Monday, October 12, 2015

Errors in GIS

Editing is an important operation during the process of database creation. GIS provides tools for examining coverages for mistakes. Errors may be introduced either from the original data source or during encoding. The process of detecting and removing errors by editing is called cleaning. Errors may be classified into:

  1. Entity errors
  2. Attribute errors and
  3. Entity-Attribute agreement error
Entity error may be of the following three types:
  1. Missing entities
  2. Incorrectly placed entities and
  3. Disordered entities
GIS systems should perform an operation to build topology after digitization process. Topology provides explicit information about relationships between entities in the database. This allows identification of types of errors in digital maps. Some of these errors are indicated by 'text-based error flags' while others might have to be interpreted by visually inspecting the database statistics.

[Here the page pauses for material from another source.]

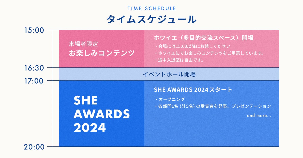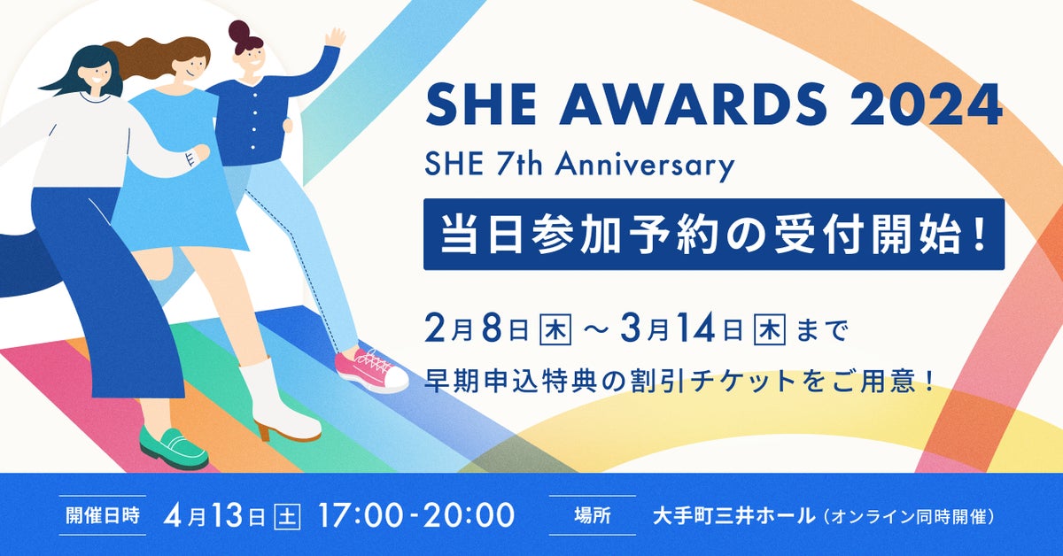 SHEは、自分らしく生きることを目指すシーメイトのための年に一度の祭典「SHE AWARDS 2024」を4月13日(土)に開催します。

Six common types of errors are listed below:
  1. Not all entities that should be present are entered
  2. Extra entities have been digitised
  3. Not all entities are in the right place or are of the correct shape or size
  4. Some entities that are not supposed to be connected to each other are connected
  5. Not all polygons should have a single label point to identify them
  6. No entities should be outside the boundary identified by registration marks
A procedure for comparing the digitized entities and original map document is to produce a monitor display or a hard-copy plot of the pre-edited database . GIS sometimes provide several symbols that indicate errors.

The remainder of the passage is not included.